- [THE RECORDS]:
◆ ◆ ◆ ◆ ◆ ◆ ◆

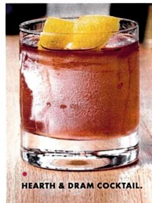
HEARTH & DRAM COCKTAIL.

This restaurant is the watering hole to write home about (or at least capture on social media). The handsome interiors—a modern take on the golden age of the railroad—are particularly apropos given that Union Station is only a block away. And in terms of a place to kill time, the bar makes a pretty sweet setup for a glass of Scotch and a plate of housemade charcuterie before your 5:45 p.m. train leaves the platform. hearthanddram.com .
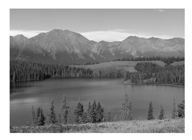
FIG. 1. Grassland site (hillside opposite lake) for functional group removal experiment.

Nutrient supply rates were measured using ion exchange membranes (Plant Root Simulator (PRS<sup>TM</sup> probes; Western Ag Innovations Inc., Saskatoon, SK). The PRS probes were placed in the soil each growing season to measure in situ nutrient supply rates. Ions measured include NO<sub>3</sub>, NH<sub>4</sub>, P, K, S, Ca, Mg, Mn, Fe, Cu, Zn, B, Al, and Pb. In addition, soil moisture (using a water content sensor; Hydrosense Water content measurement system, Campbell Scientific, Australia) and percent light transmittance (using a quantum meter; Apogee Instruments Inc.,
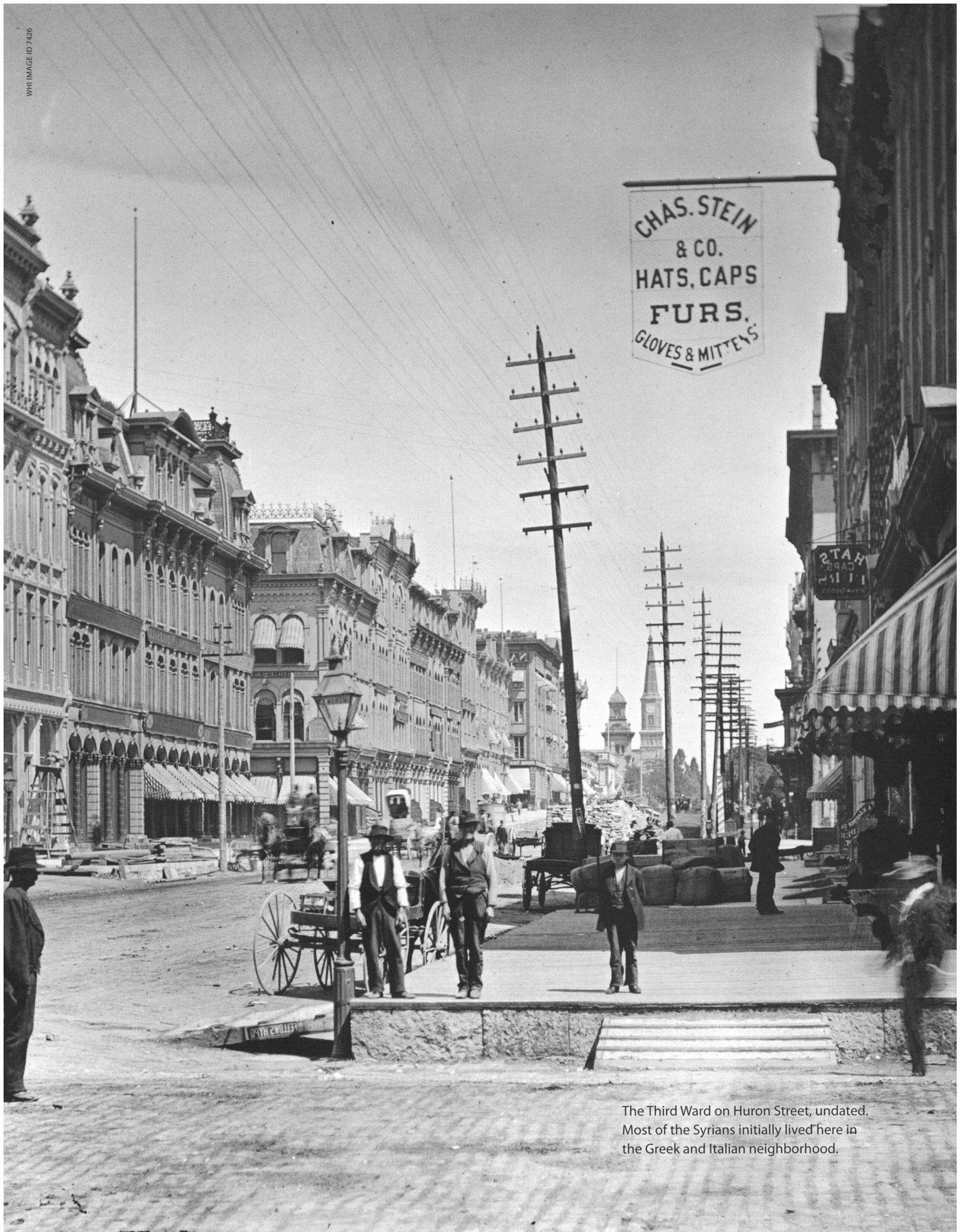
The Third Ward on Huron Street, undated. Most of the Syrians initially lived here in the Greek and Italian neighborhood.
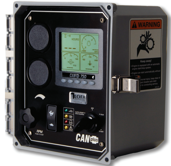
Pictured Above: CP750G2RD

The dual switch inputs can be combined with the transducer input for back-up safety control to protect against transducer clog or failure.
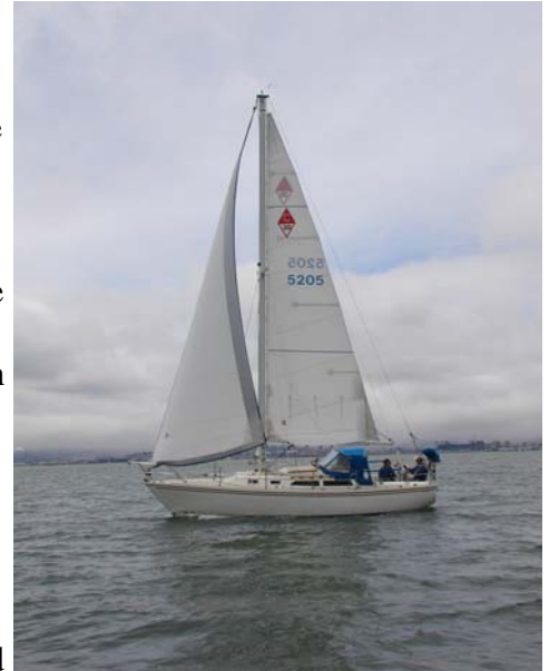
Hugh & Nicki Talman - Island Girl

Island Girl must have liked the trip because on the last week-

◆ ◆ ◆ ◆ ◆ ◆ ◆

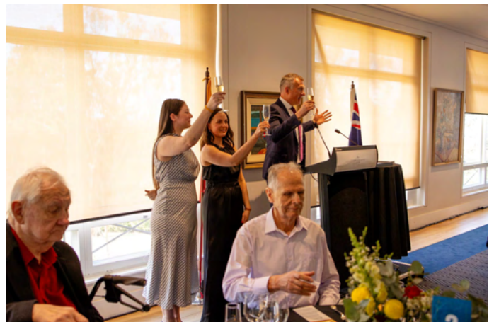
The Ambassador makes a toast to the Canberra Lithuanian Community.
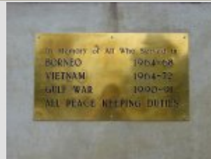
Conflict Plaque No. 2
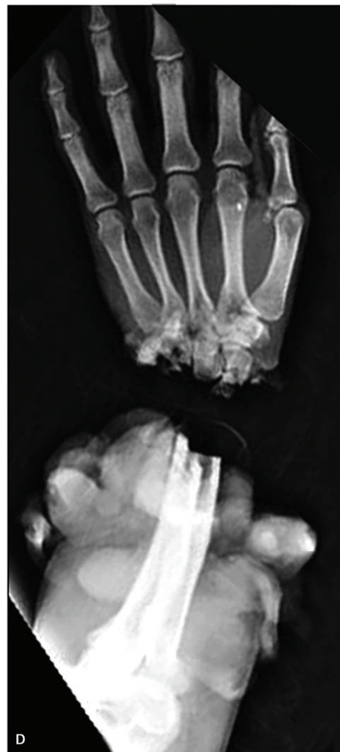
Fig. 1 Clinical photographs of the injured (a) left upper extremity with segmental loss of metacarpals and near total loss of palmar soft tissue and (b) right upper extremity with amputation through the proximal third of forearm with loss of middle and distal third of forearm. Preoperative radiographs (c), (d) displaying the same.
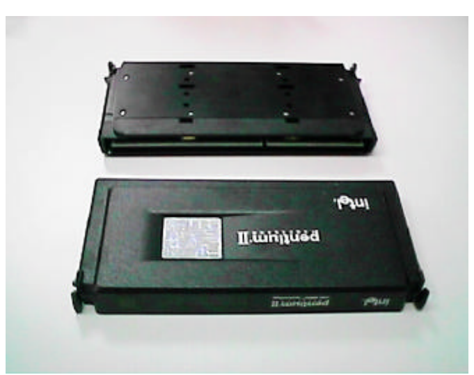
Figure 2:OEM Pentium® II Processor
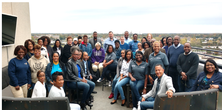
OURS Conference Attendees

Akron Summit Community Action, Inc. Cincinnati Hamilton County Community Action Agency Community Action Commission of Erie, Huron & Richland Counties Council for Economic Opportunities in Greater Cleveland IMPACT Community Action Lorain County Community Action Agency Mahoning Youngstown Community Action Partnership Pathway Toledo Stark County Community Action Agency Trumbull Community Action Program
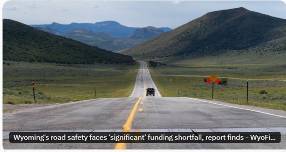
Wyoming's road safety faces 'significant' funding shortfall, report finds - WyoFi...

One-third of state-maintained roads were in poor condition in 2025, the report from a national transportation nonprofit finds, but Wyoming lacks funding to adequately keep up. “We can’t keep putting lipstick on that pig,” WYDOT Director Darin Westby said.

◆ ◆ ◆ ◆ ◆ ◆ ◆

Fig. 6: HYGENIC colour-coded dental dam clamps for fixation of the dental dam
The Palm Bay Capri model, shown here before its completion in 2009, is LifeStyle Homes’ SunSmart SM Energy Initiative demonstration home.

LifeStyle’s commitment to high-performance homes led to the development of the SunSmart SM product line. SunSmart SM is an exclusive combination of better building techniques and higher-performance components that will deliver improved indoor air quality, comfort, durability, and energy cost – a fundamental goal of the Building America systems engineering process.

◆ ◆ ◆ ◆ ◆ ◆ ◆

- [WHAT YOU NEED TO DO]: Please transcribe exactly the part of the records that opens with the line containing "Figure 2:OEM Pentium® II Processor" and closes with the line containing "OURS Conference Attendees", both ends included, and leave out the pictures.

- [EXERCISE ANSWER]:
Figure 2:OEM Pentium® II Processor
OURS Conference Attendees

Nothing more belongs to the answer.